Quantcast
Viewing all articles
Browse latest Browse all 2993

How will Trump’s trade war with Canada, Mexico, China impact the Philippines?

MANILA, Philippines –A former Bangko Sentral ng Pilipinas (BSP) economist has weighed in on the possible impact of US President Donald Trump’s trade war with Canada, Mexico, and China on the Philippines.

Former BSP deputy governor for monetary and economics sector Diwa Guinigundo told radio station DZBB that the tariffs will first hit Filipinos in the US. There are roughly 4.2 million Filipinos in the US, and around 900,000 in Canada, according to government data.
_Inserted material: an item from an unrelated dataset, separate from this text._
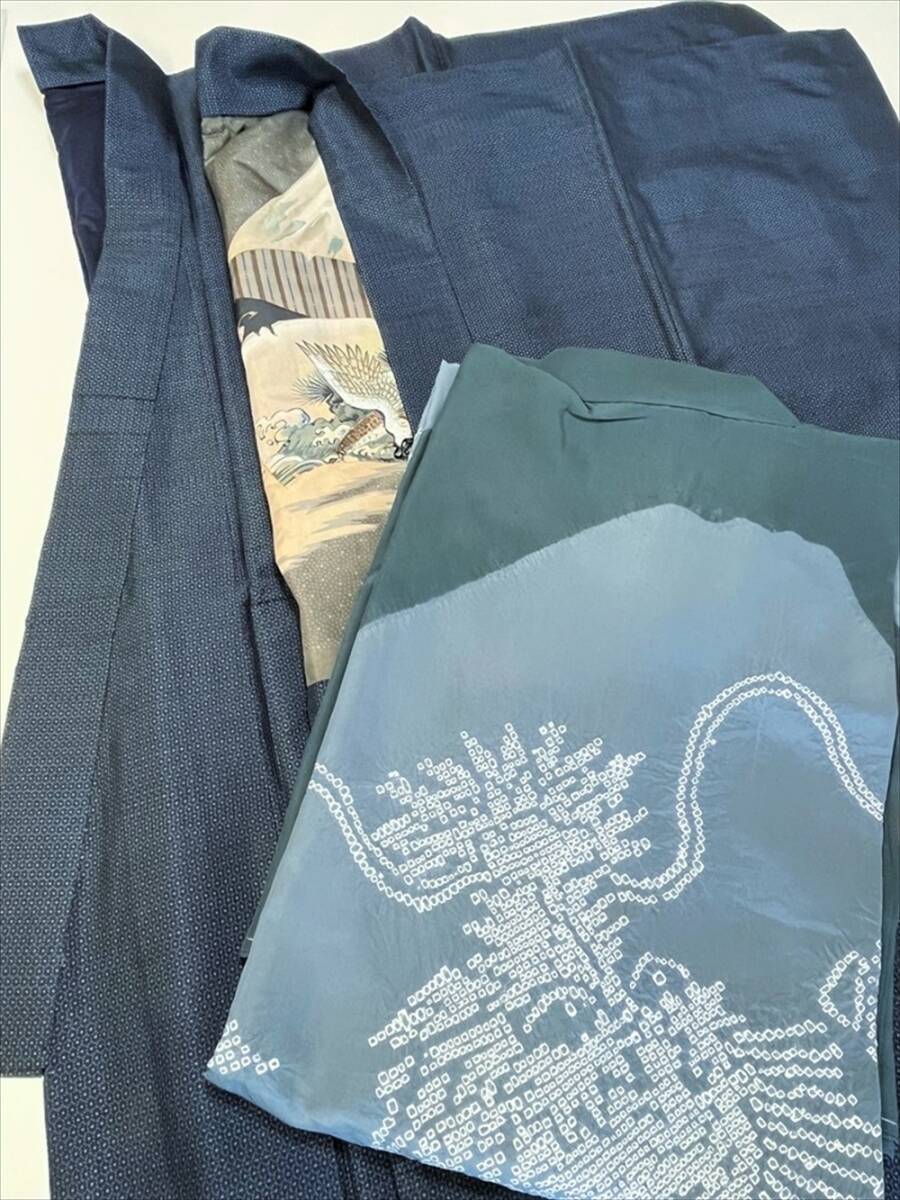 - 花とら●リサイクル着物 男物 アンサンブル 紺系 長襦袢付き リメイク 素材 250405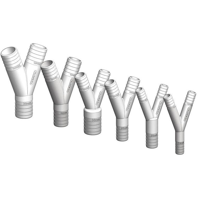 Tru-Design Y Pieces eliminate the corrosion and electrical bonding problems associated with metallic fittings. The Y Pieces are designed for twin hose clamps, and to not crush under high load conditions.

Trump slapped a 10% levy on Canadian oil, while oil imports from Mexico will be hit with a 25% tariff. Ottawa, Mexico City and Beijing have since vowed to impose retaliatory tariffs against the US.

Guinigundo said the tariffs will not only raise gasoline prices in the US, but the cost to transport many other goods as well.

Tataas ang presyo ng langis, tataas ang presyo ng gasolina, tataas ang mga produkto na nakadepende, nakaasa sa langis. So ‘yun ang pagkain, ang mga damit na kanilang sinusuot,” he explained.

(If oil prices rise, gas prices will climb, as well as the cost of products that depend on oil. So that’s food, the clothes that they wear.)

Higher commodity prices will trigger faster inflation rates in the US. Guinigundo warned that this will prevent Washington’s central bank, the Federal Reserve or Fed, from continuing its easing cycle on interest rates.

The former central bank deputy governor pointed out that the Fed’s possible hiking of interest rates due to inflation will affect foreign portfolio investments (FPIs) entering the Philippines since the BSP is still in its easing cycle.

“The capital, foreign portfolio investments (FPIs) could leave the Philippines and go back to America because the interest rates back home are higher,” Guinigundo said in Filipino.

FPIs — also known as hot money — are investments that can enter and leave a country’s financial markets easier than foreign direct investments. Examples of FPIs include stock market securities, as well as government bonds.

Data from the BSP show that around $283 million in FPIs left the country in January. The US accounted for 35% of the outflows that month.

Must Read

More hot money leaves Philippines in January amid Trump protectionism

Image may be NSFW.
Clik here to view.
More hot money leaves Philippines in January amid Trump protectionism

These capital outflows could further weaken the Philippine peso against the US dollar. 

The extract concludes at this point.